To look for an initial number of mails per chunk, try
要查找每个块的初始邮件数,请尝试
formail -100 -s <google.mbox | wc
formail -500 -s <google.mbox | wc
formail -1000 -s <google.mbox | wc
You may need to experiment a bit, in order to accommodate to your mailbox size. On the other hand, since this seems to be a one time task, you may not want to spend too much time on this.
您可能需要进行一些试验,以适应您的邮箱大小。另一方面,由于这似乎是一项一次性任务,您可能不想在此上花费太多时间。
回答by David W.
My initial thought was to use the other script (formail) to save each mail as a single file and afterwards run a script to combine them to 40 MB huge files, but still I wouldnt know how to do this using the terminal.
我最初的想法是使用其他脚本(formail)将每封邮件保存为单个文件,然后运行一个脚本将它们组合成 40 MB 的大文件,但我仍然不知道如何使用终端来做到这一点。
If I understand you correctly, you want to split the files up, then combine them into a big file before importing them. That sounds like what split
and cat
were meant to do. Split splits the files based upon your size specification whether based upon line or bytes. It then adds a suffix to these files to keep them in order, You then use cat
to put the files back together:
如果我理解正确,您想将文件拆分,然后在导入之前将它们组合成一个大文件。像什么声音split
,并cat
注定要去做。Split 根据您的大小规范拆分文件,无论是基于行还是字节。然后它为这些文件添加一个后缀以保持它们的顺序,然后您cat
将文件重新组合在一起:
$ split -b40m -a5 mbox # this makes mbox.aaaaa, mbox.aaab, etc.

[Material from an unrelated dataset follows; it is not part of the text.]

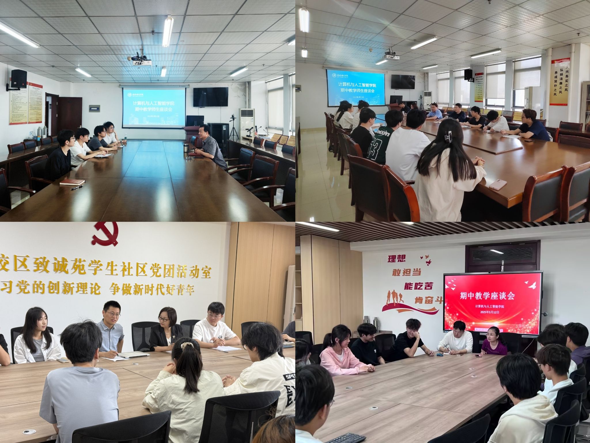 座谈会分别针对四个年级的学生群体展开,每组均配备一名学院处级领导干部、一名专业负责人以及一名辅导员老师。各班选派2名学生代表参与其中,确保学生的声音能够充分传达。在座谈会上,学生们踊跃发言,围绕课程学习情况展开深入交流,针对学院的教学安排、师资配备、实践资源、校园生活等方面提出了诸多建设性的意见和建议。
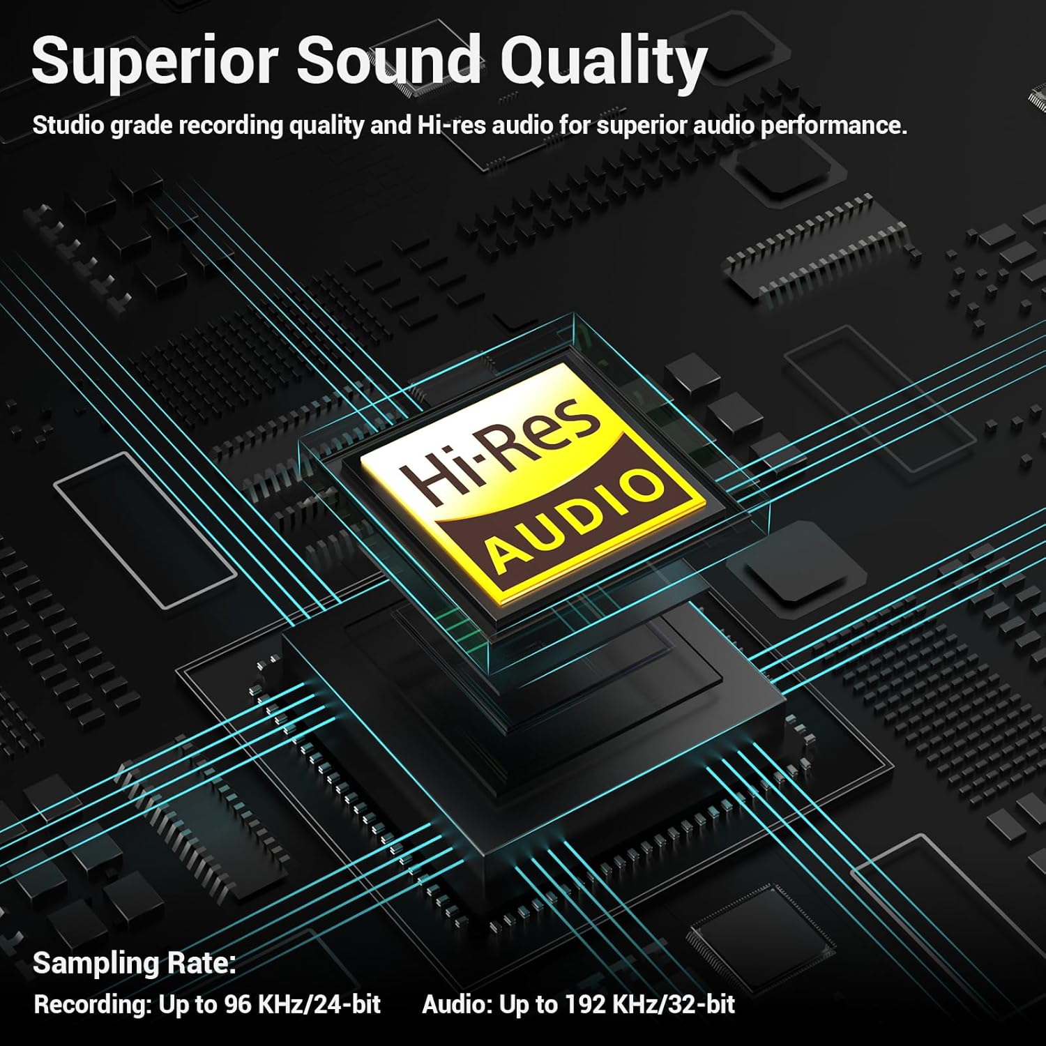 - [Studio Recording Quality] – The Built-in advanced chip enables Cubilux CB5 to capture crisp and precise sound with decent clarity up to 96 KHz/24-bit, providing professional audio content for your performance.

Once you get the files on the other system:
在其他系统上获取文件后:
$ cat mbox.* > mbox
You wouldn't do this if you want to break the files so messages aren't split between files because you are going to import each file into the new mail system one at a time.
如果您想破坏文件以便消息不会在文件之间拆分,则不会这样做,因为您将一次一个地将每个文件导入新的邮件系统。